__Work item__:
Your response to the data below should hold nothing except the lines from the one containing "virosac Gransacco Extra-Forte" down to the one containing "过去十年间,在政策扶持、技术", reproduced exactly and without pictures.

__Data listing__:

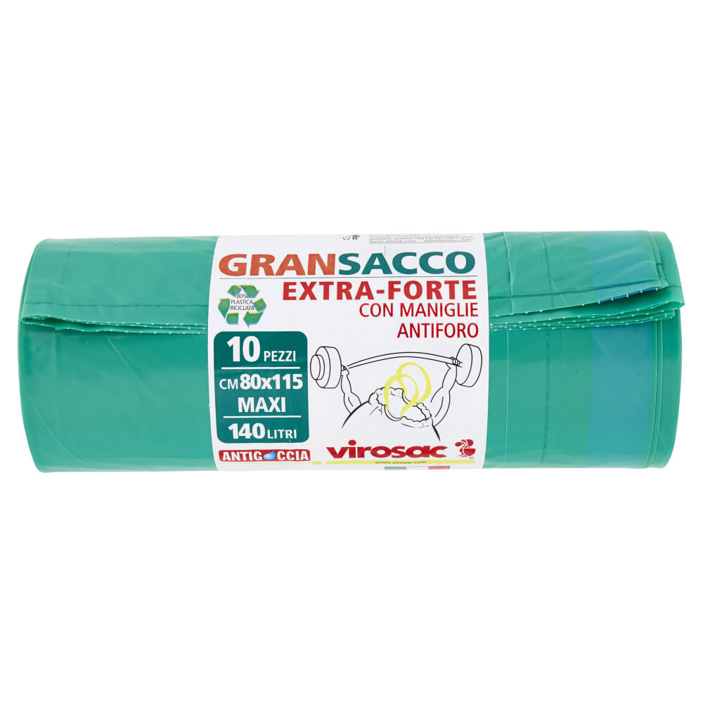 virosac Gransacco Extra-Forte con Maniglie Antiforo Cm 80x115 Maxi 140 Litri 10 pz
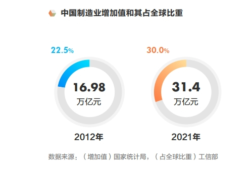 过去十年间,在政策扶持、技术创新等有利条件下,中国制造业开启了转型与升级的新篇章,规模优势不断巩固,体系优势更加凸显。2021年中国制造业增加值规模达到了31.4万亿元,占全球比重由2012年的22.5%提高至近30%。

* * *

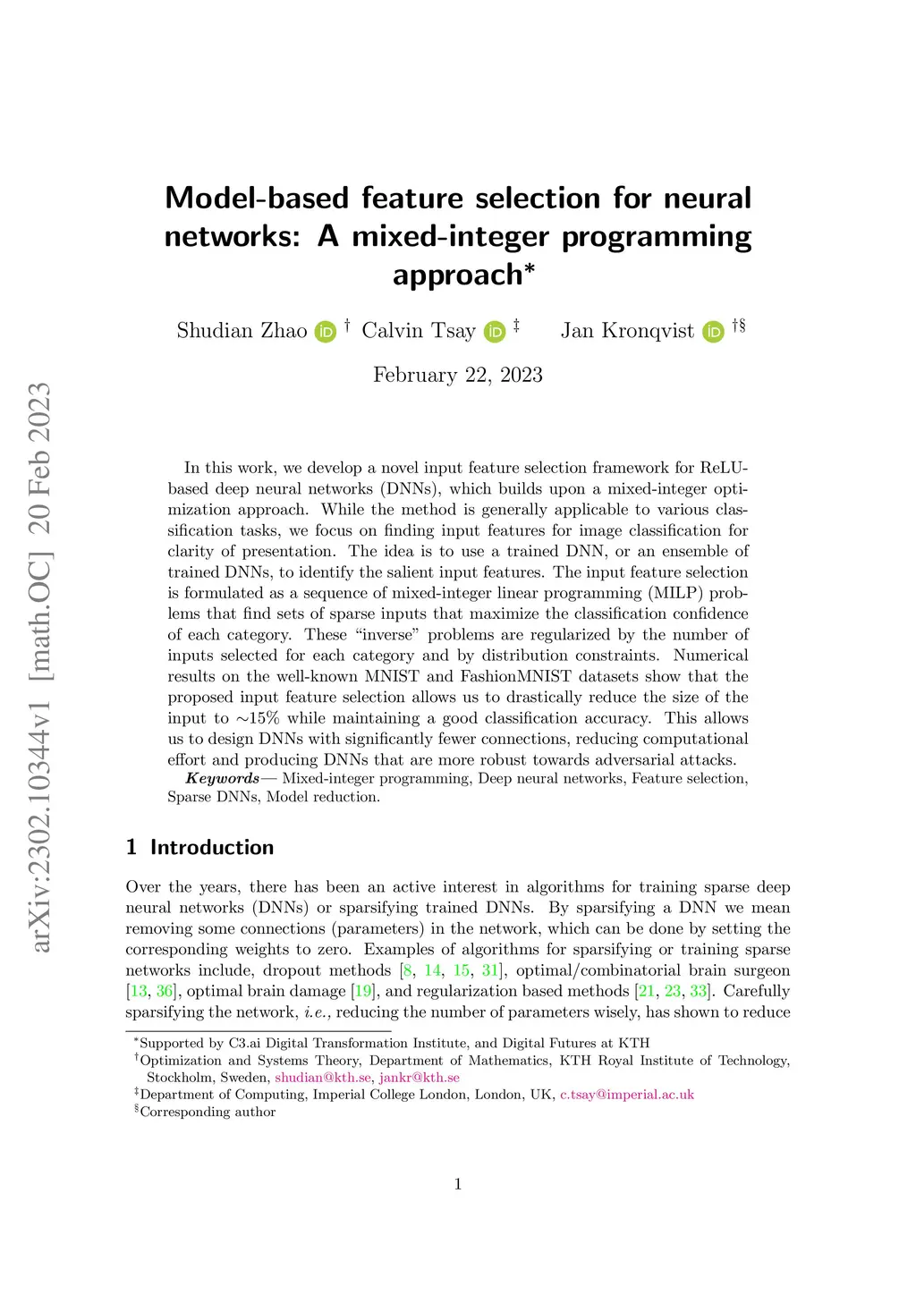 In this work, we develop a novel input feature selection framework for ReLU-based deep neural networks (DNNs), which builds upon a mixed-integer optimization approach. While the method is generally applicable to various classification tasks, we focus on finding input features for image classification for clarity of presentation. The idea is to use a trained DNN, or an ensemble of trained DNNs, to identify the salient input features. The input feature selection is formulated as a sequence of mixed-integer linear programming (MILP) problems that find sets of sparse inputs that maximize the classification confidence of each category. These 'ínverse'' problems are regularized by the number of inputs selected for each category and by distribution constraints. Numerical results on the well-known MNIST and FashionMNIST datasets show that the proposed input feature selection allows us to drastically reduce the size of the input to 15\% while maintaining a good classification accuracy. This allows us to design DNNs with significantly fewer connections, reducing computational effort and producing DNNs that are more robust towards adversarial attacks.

__Expected answer__:
 virosac Gransacco Extra-Forte con Maniglie Antiforo Cm 80x115 Maxi 140 Litri 10 pz
 过去十年间,在政策扶持、技术创新等有利条件下,中国制造业开启了转型与升级的新篇章,规模优势不断巩固,体系优势更加凸显。2021年中国制造业增加值规模达到了31.4万亿元,占全球比重由2012年的22.5%提高至近30%。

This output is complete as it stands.